Farm to table is a focus in the restaurant industry so we look to concepts where we can continue to generate profits for our owners but not give up uniqueness for our discriminating guests. These same guests want to feel at home in our hotels, so we have 55 inch TVs in one our super luxury hotels and provide super-premium towels and wifi to go along with the premium rates we charge.

Pre-arrival communication followed by celebrating the experience during and after each visit is paramount to successful boutique hotel operations. As one Meet the Money speaker put it, every team member on property must be a “rock-star.” When team member knowledge of the destination is flawless and responses to any complaints are specific, guests take notice. Engaging with guests throughout their stay by qualifying their expectations and providing wow customer service will provide for loyal guests. As an example, send anniversary cards to create an emotional connection with these guests.

San Diego Hotel Market

Everything is finally working for San Diego. After a year of no marketing dollars, occupancy is up, rates are up, new supply is limited and revenue per available room is entering the top tier of U.S. cities once again. Look for 6-7 percent RevPar growth this year and next. Coupled with limited supply, net income and values should be strong. If there are clouds on the horizon, they are on the labor cost side. Yes, minimum wage could spike markedly.

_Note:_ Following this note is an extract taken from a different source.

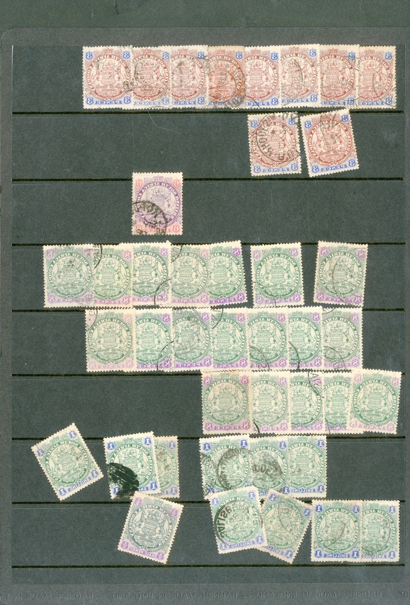 1892-1912 collection including 1d. to 10/-, £2, £5 (not guaranteed) and £10 (fiscal usage), 1892-94 set, 1896-97 Arms sets, 1896 1d. on 3d. and 3d. on 5/-, 1896 on Cape set, 1897 Arms set, 1898-1908 set to £2, £5, £10 and £20 (all three with forged cancellations, 1905 Falls set, 1909-12 set to £2, and a range of duplicates on further pages and loose in packets, etc.; condition mixed with viewing essential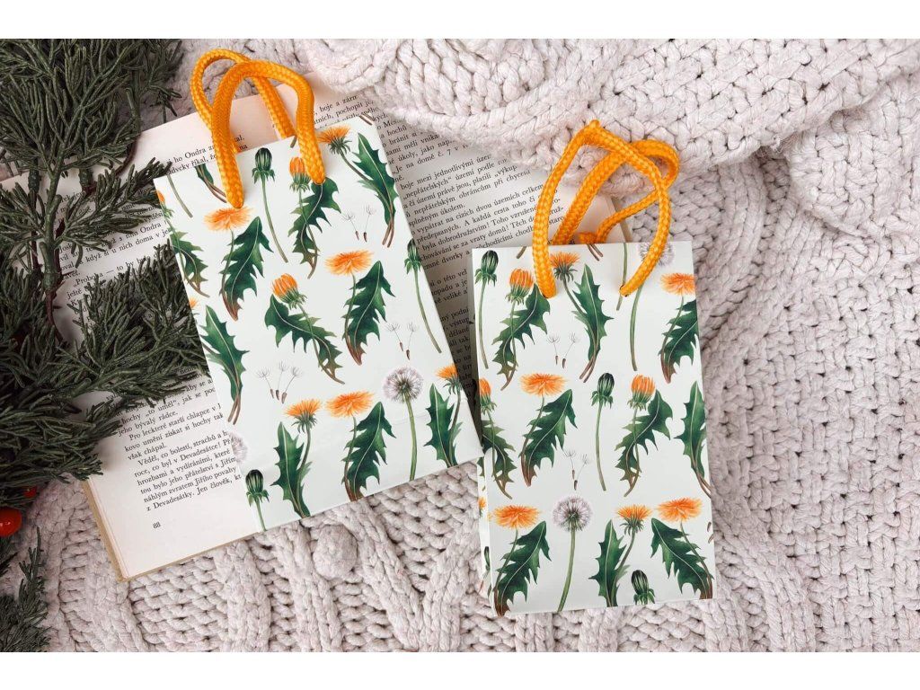 Taška určená na na jakoukoliv drobnost, kterou chcete udělat radost. Taška je potištěna motivem pampelišek a má rozměr 16 x 10 x 5 cm, vejde se do ní pohodlně formát A6.

May sane minds prevail as a significant increase in minimum wage will benefit servers who already make approximately $30 per hour when accounting for tips and hurt teens looking for that first “training” job.

The Take Away

So, it is the beginning of the 6th inning which means time is starting to run out on this economic expansion. Lock in good interest rates and make sure all your properties are renovated to take advantage of rate growth. Push revenue management and average rates hard, identify profitable distribution channels, work the social media marketing and web strategies aggressively and reign in expenses while keeping your team members happy so that they can provide that incredible service that keeps guests coming back. That will leave you with net income and value…the stuff that creates smiles for owners!